Let everything you say be good and helpful, so that your words will be an encouragement to those who hear them. Ephesians 4:29
It’s important that we teach our children that they have a voice, that they can speak up. The old adage, “children should be seen and not heard” is absolutely false!
Your child needs to find their voice for a lot of reasons, but how about these for starters?
- To speak up against bullies
- To confront the coach or teacher with questions (i.e. fight their own battle)
- To express their feelings when faced with an uncomfortable situation
- To speak up against an adult who tries to do something wrong to your child.
Finding your voice has nothing to do with whether your child is an introvert or extrovert. It simply means that your child has the confidence to express their thoughts and feelings, even when going against the grain of others.

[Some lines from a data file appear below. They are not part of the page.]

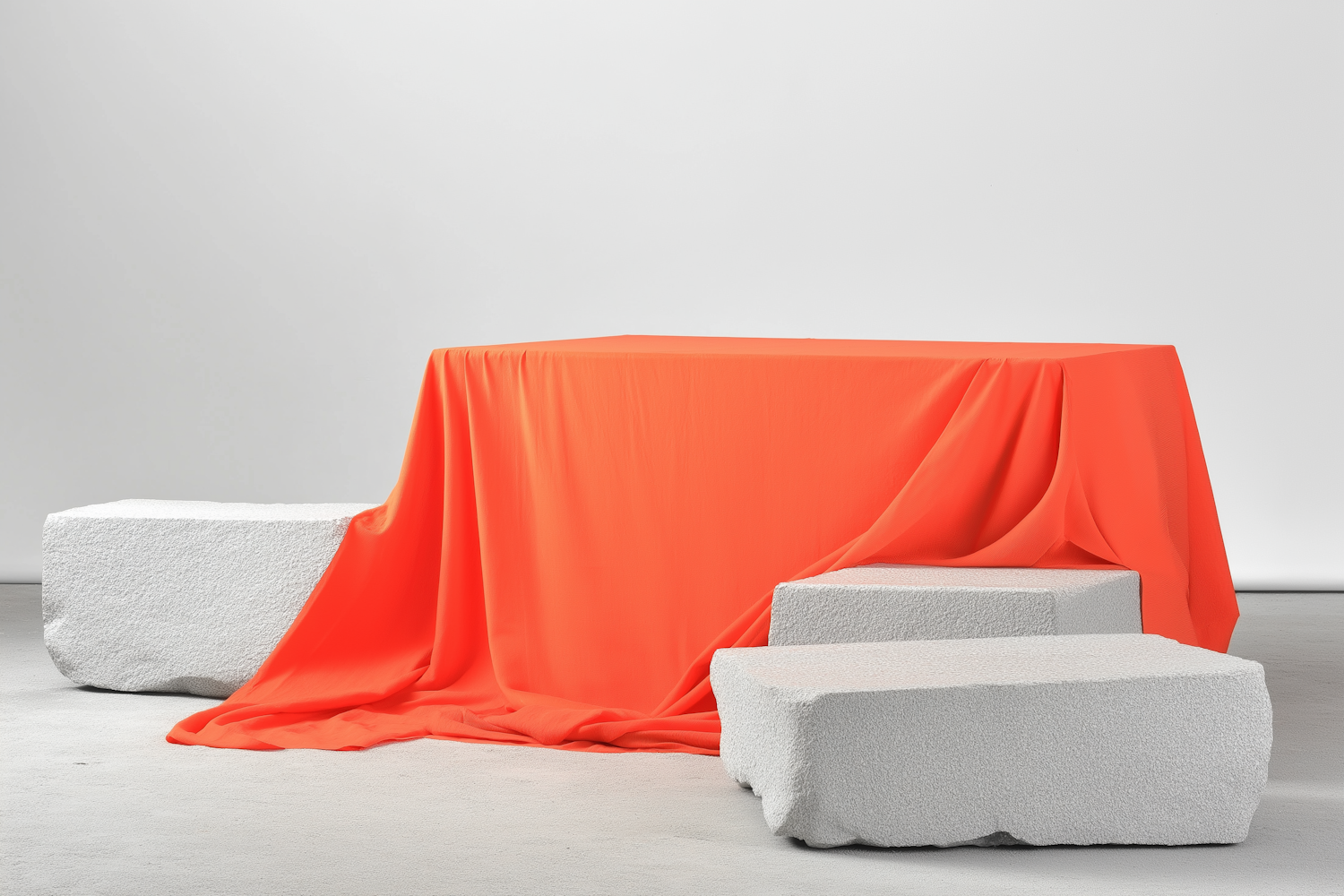 Bright orange fabric draped over a structure, surrounded by rough white blocks, creating a bold minimalist contrast in a modern setting.
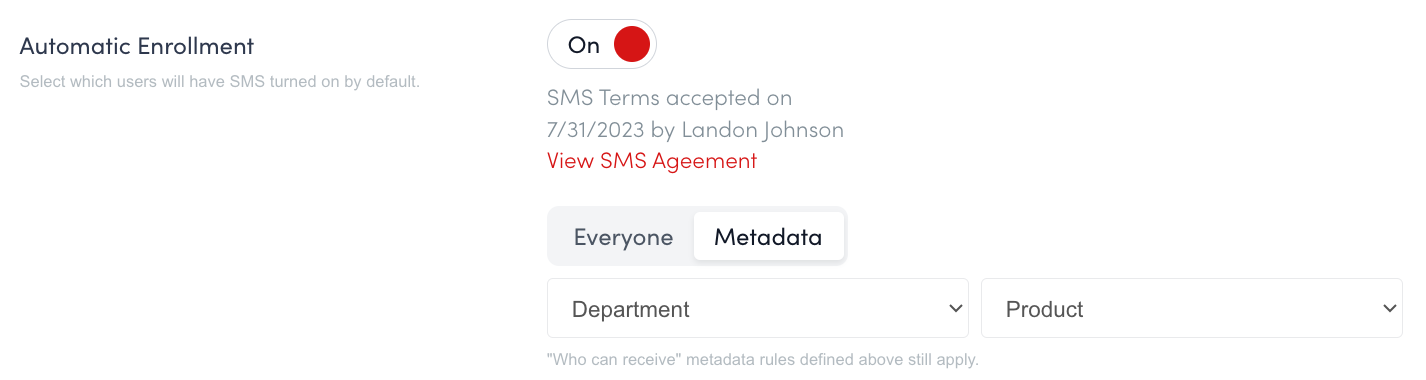 Automatic Enrollment (Optional): Automatically enroll users. Options are "Everyone" or "Metadata." You must accept our SMS Agreement, acknowledging you've obtained employee consent, when enabling this setting.
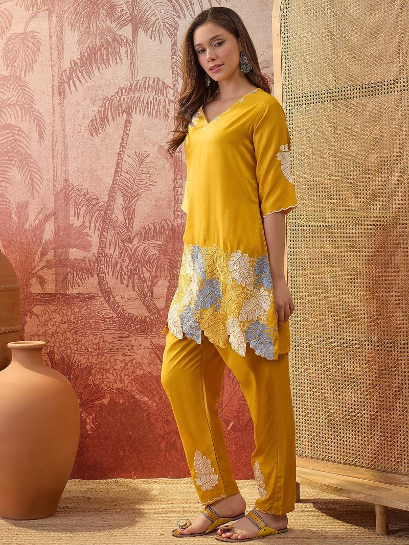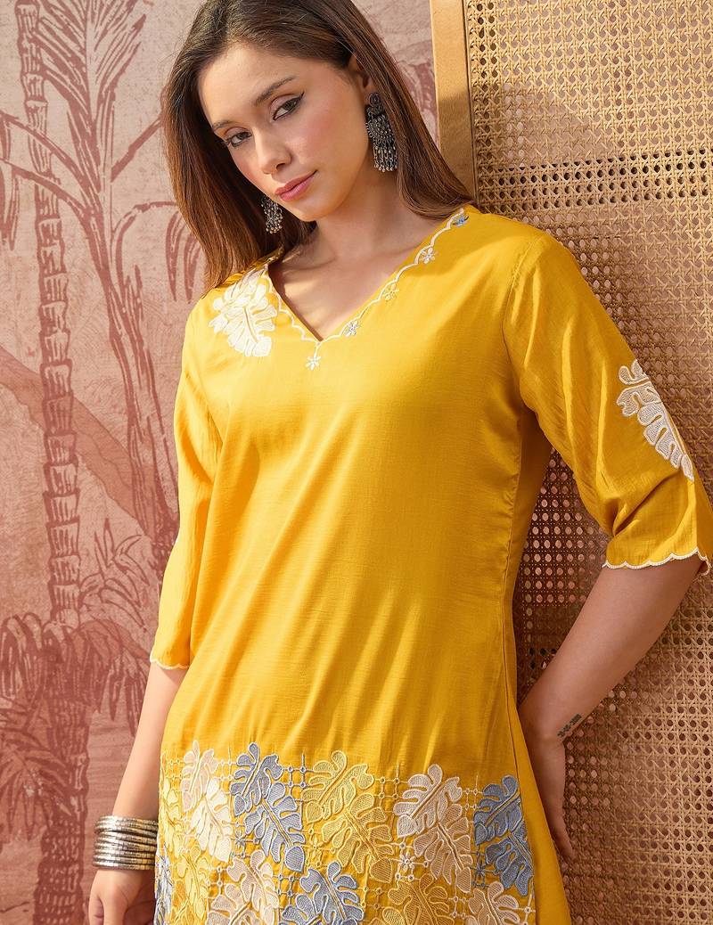 | Product Name | Women Chinon Embroidery Mustard Kruta Set | |

One way to help your child do that is to ask them open-ended questions:
What do you feel about ______?
What are you thinking about ______?
What did you not like about _______?
What was your favorite part of ______?
And then after your child has answered, refrain from judging or even making a commentary on what they said. That response will eventually cause them to shut down their voice.
Your goal should be to create an environment at home where your child feels it is safe to express thoughts, emotions and opinions that are said respectfully, of course. It’s okay to disagree with each other, but again, do it in a respectful way. “I’m sorry you feel that way” or “I don’t see it that way; here’s my take.”
Once your child feels they can talk without you critiquing everything, they will begin to gain confidence in their own words and in their own voice.